Bu kart, dış politikada sıkışmış olan iktidar blokuna manevra ve pazarlık alanı açabilir mi?
Suriye’de hakim güç durumundaki iki emperyalist devletin tavrına bakıldığında, bu sorunun yanıtı, hayır. ABD ve Rusya, ülkedeki vekillerinin güvenliğini sebep göstererek Ankara’nın bu yeni müdahalesine karşı çıkıyor.
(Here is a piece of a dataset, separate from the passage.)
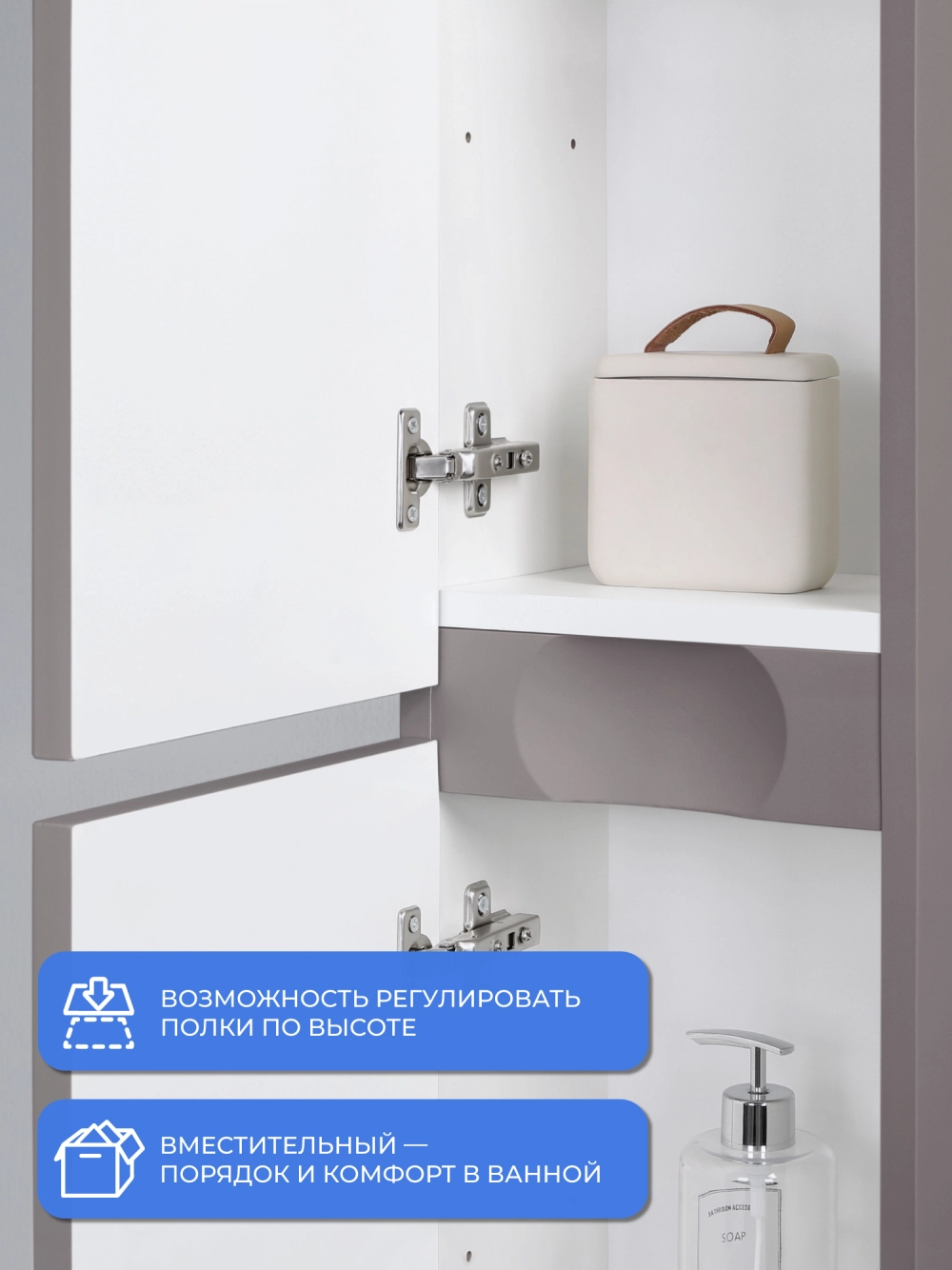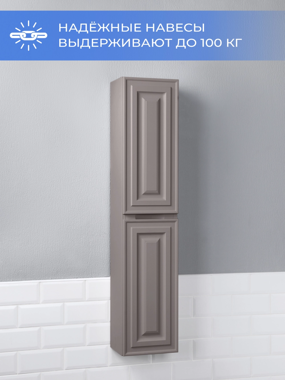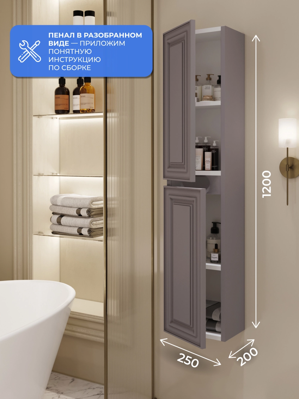 Пенал в ванную из коллекции Verona 25 - это универсальное решение для современной ванной. Шкаф-пенал поможет создать комфортные условия в ванной комнате. Благодаря его компактным размерам 250х200х1200 и настенному крепежу он занимает немного места и надежно закрепляется. Пенал в ванную изготовлен из МДФ и покрыт ПВХ пленкой, что обеспечивает ему привлекательный внешний вид, а также износостойкость и долговечность. Качественная фурнитура с доводчиками и фрезерованные ручки обеспечивают легкое открывание и плавное закрывание дверок. Внутри пенала для ванной полки, где можно рационально распределить и разместить все необходимые вещи для ванной комнаты. Полки пенала легко переставить, возможно регулировать расстояние их между собой. Для точного выбора пенала в ванную комнату рекомендуем обратиться к схеме замеров, которая находится на фото в карточке товара. Размеры изделия могут отличаться +/-1 см в связи со спецификой производства. Дополнить комплект можно тумбой с раковиной и зеркалом из коллекции Verona. Изделия коллекции качественные, функциональные и органически впишутся в популярные и современные интерьерные решения для ванных комнат.

Peki bu savaş kartı, içeride iktidarı kazanamayacağı duruma gerileyen iktidar blokuna seçim kazandırabilir mi? Başkanlık rejimine geçildikten sonra yapılan birçok kamuoyu araştırmasına göre, sınır ötesi harekatlar iktidara destek kazandırır olmaktan çıktı. AKP seçmenleri de dahil olmak üzere geniş kesimler Suriye politikasına karşı tavır alıyor. Günden güne ağırlaşan ekonomik koşullar sosyal hoşnutsuzluğu büyütüyor, halkın TV’lerdeki emekli askerlerin ateşli yorumlarını paylaşmasına engel oluyor.
Barışın gerekliliği
Savaş daha çok silah, yani harcama demektir. Devasa ekonomik kaynaklar iktidar blokunun siyasi tercihleri için değil, zor durumda olan milyonlarca kişi için harcanmalı. Sadece 2016’dan beri yapılan harekatlar değil, Suriye’de 11 yıldır süren tüm bu çatışmalar, kalıcı barışın gerekliliğini ortaya koyuyor.
İktidar, yeni harekattan vazgeçmelidir. Vergilerimiz işsizliğin, yoksulluğun ve açlığın ortadan kaldırılması için kullanılmalı.